The Shire of Upper Gascoyne is a local government area in the Gascoyne region of Western Australia, inland from Carnarvon and about 1000 km north of the state capital, Perth. The Shire has an area of 57939 km2, much of which is uninhabited land or sparsely vegetated sheep station country, and its seat of government is the small town of Gascoyne Junction. It has a population of 170 (2021 census), 56% of whom identify as Aboriginal.

==History==

The Upper Gascoyne Road District was gazetted on 10 February 1887. On 1 July 1961, it became a Shire under the Local Government Act 1960, which reformed all remaining road districts into shires.
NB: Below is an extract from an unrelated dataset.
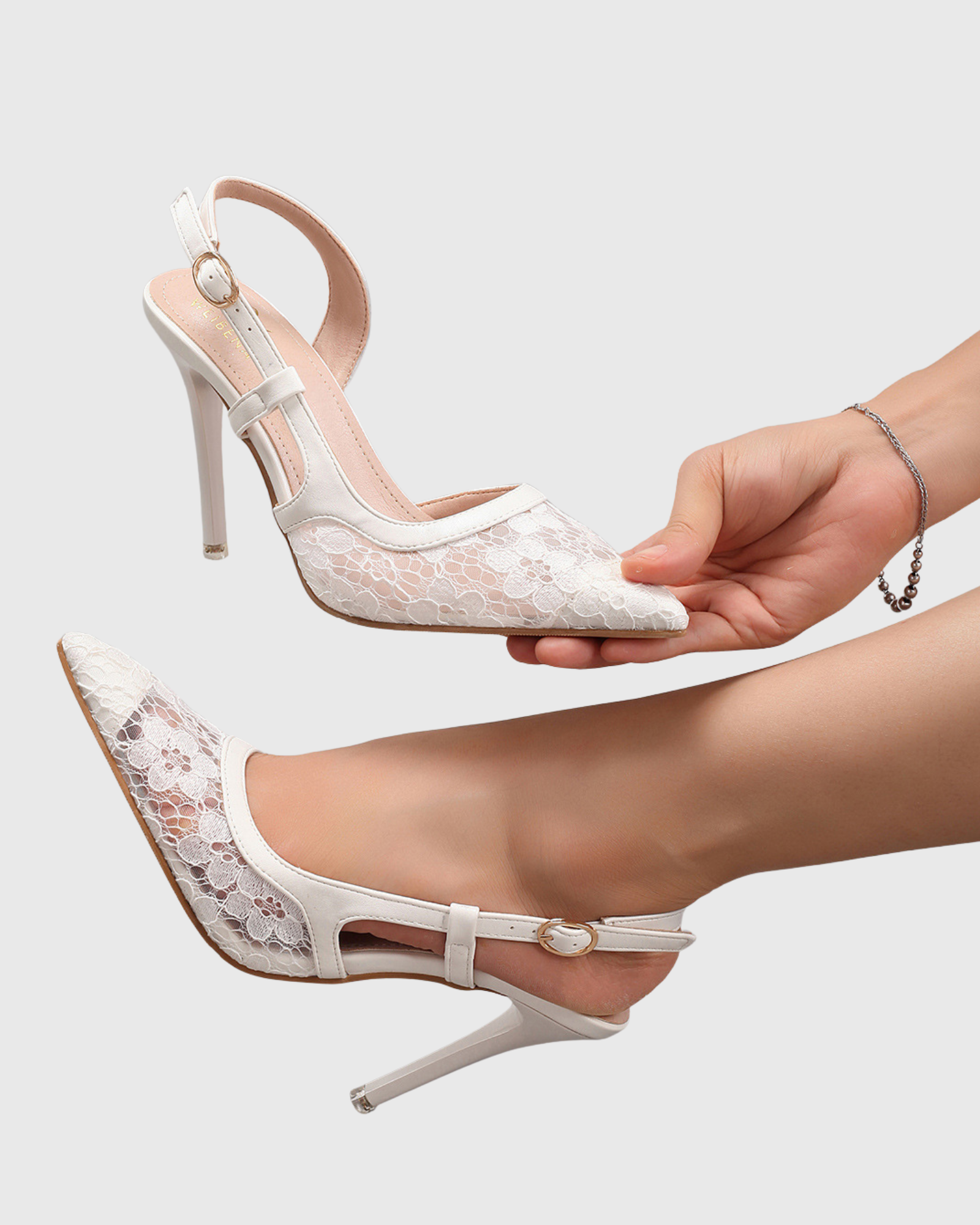 Elevate your style with the Baako Lace Bow Slingback Pumps in White. Featuring delicate lace detailing and a charming bow accent, these pumps combine elegance with a feminine touch. The slingback design ensures a secure, comfortable fit, perfect for all-day wear. Ideal for special occasions or adding sophistication to your everyday look, these pumps bring timeless grace to any outfit.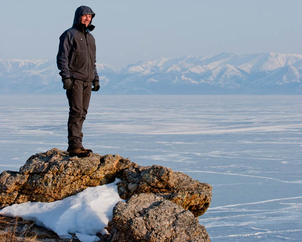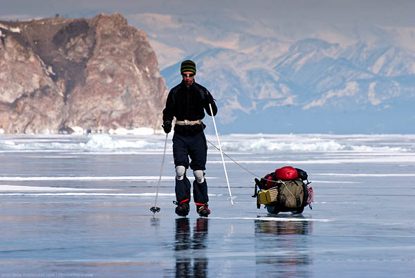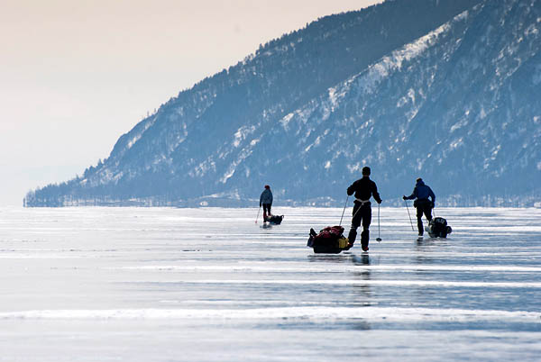 Впереди - только далекий-далекий противоположный берег Байкала. У нас возникала мысль пройти Озеро поперек, дойдя до Ушканьих. Но слухи о множестве трещин, о суровых ветрах побороли эту слегка безумную идею. Поэтому мы обогнём Ольхон и пойдём по восточному берегу.

The original Road Board office is now a heritage-listed site.

==Wards==
The shire is divided into 3 wards, each with two councillors:

- North Ward
- South Ward
- East Ward

==Towns and localities==
The towns and localities of the Shire of Upper Gascoyne with population and size figures based on the most recent Australian census:

| Suburb | Population | Area | Map |
|---|---|---|---|
| East Lyons River | 13 (SAL 2021) | 11,014.3 km^{2} (4,252.6 sq mi) |  |
| Gascoyne Junction | 65 (SAL 2021) | 21.1 km^{2} (8.1 sq mi) |  |
| Gascoyne River | 87 (SAL 2021) | 26,744.9 km^{2} (10,326.3 sq mi) |  |
| West Lyons River | 0 (SAL 2021) | 20,042.8 km^{2} (7,738.6 sq mi) |  |

==Notable councillors==
- Everard Darlot, Upper Gascoyne Road Board member 1887; later a state MP
- Lionel Kelly, Upper Gascoyne Road Board member 1927–1928; later a state MP

==Heritage-listed places==

As of 2024, 19 places are heritage-listed in the Shire of Upper Gascoyne, of which one is on the State Register of Heritage Places, the Upper Gascoyne Road Board Office in Gascoyne Junction.